Photorealistic Phantom Roads in Real Scenes: Disentangling 3D Hallucinations from Physical Geometry
This addresses a critical safety risk in depth estimation for applications like autonomous driving, though it is incremental as it builds on existing foundation models.
The paper tackles the problem of monocular depth estimation models hallucinating 3D structures from geometrically planar but perceptually ambiguous inputs (termed the 3D Mirage), and introduces a benchmark, evaluation metrics, and a parameter-efficient mitigation strategy called Grounded Self-Distillation to enforce planarity while preserving background knowledge.
Monocular depth foundation models achieve remarkable generalization by learning large-scale semantic priors, but this creates a critical vulnerability: they hallucinate illusory 3D structures from geometrically planar but perceptually ambiguous inputs. We term this failure the 3D Mirage. This paper introduces the first end-to-end framework to probe, quantify, and tame this unquantified safety risk. To probe, we present 3D-Mirage, the first benchmark of real-world illusions (e.g., street art) with precise planar-region annotations and context-restricted crops. To quantify, we propose a Laplacian-based evaluation framework with two metrics: the Deviation Composite Score (DCS) for spurious non-planarity and the Confusion Composite Score (CCS) for contextual instability.

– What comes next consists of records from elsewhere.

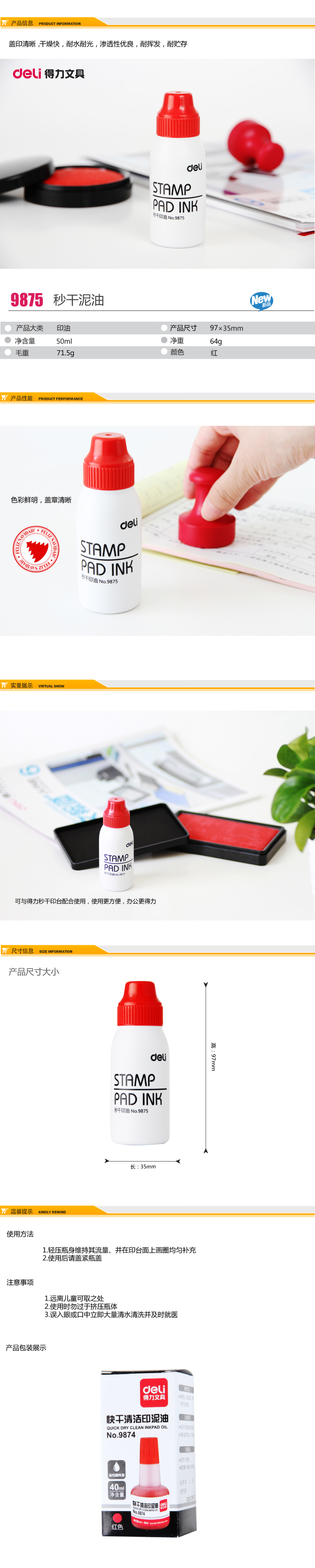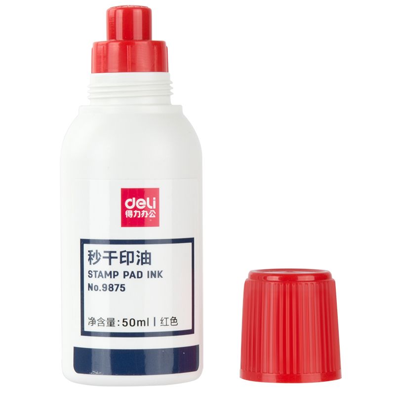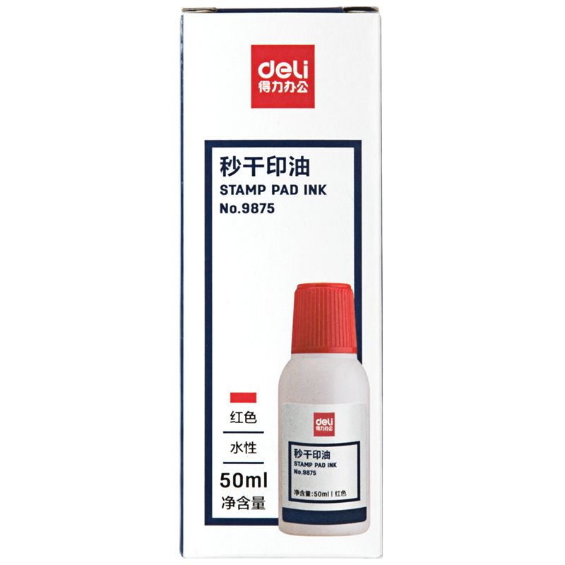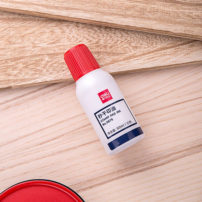 得力9875秒干印油速干水性印章水印泥水印尼油印泥油紅色財務專用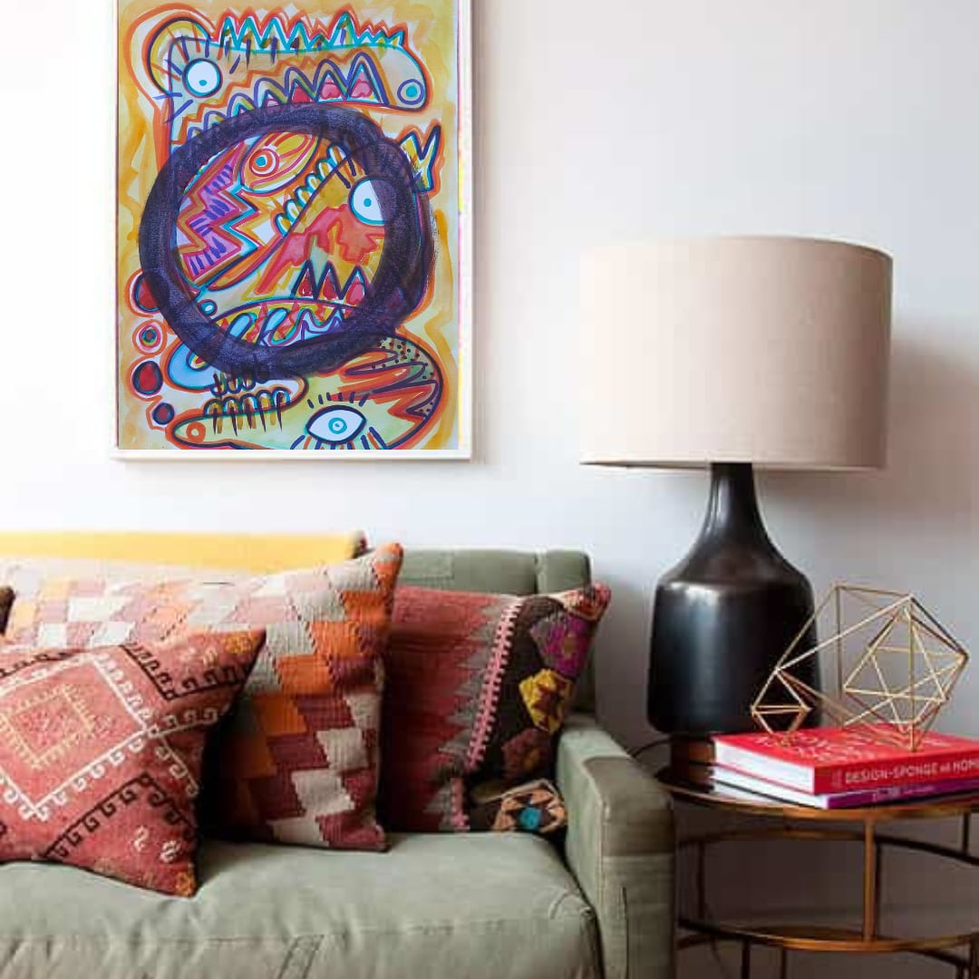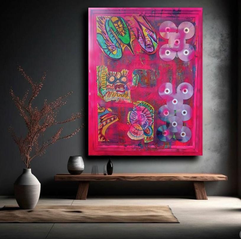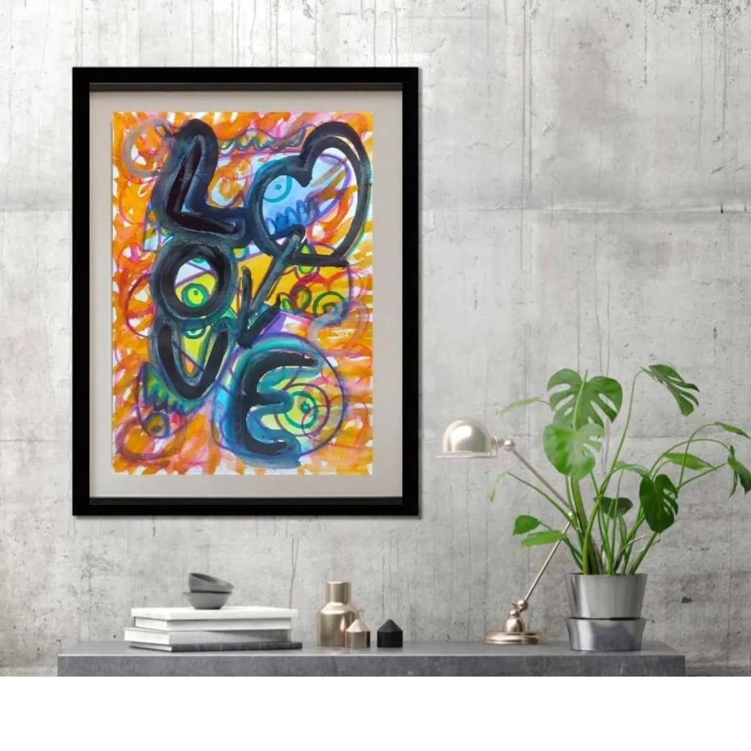 Lienzos pintados en acrílico y grafiti , y acuarelas mega divertidas.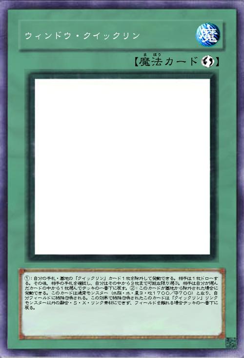 | ①:自分の手札・墓地の「クイックリン」カード1枚を除外して発動できる。相手は1枚ドローする。その後、相手の手札を確認し、自分はその中から3枚まで可能な限り選ぶ。相手は自分が選んだカードの中から1枚選んでデッキの一番下に戻す。②:このカードが墓地から除外された場合に発動できる。このカードは通常モンスター(水族・水・星3・攻1700/守700)となり、自分フィールドに特殊召喚される。この効果で特殊召喚されたこのカードは「クイックリン」リンクモンスター以外の融合・S・X・リンク素材にできず、フィールドを離れる場合デッキの一番下に戻る。 | |||

To tame this failure, we introduce Grounded Self-Distillation, a parameter-efficient strategy that surgically enforces planarity on illusion ROIs while using a frozen teacher to preserve background knowledge, thus avoiding catastrophic forgetting. Our work provides the essential tools to diagnose and mitigate this phenomenon, urging a necessary shift in MDE evaluation from pixel-wise accuracy to structural and contextual robustness. Our code and benchmark will be publicly available to foster this exciting research direction.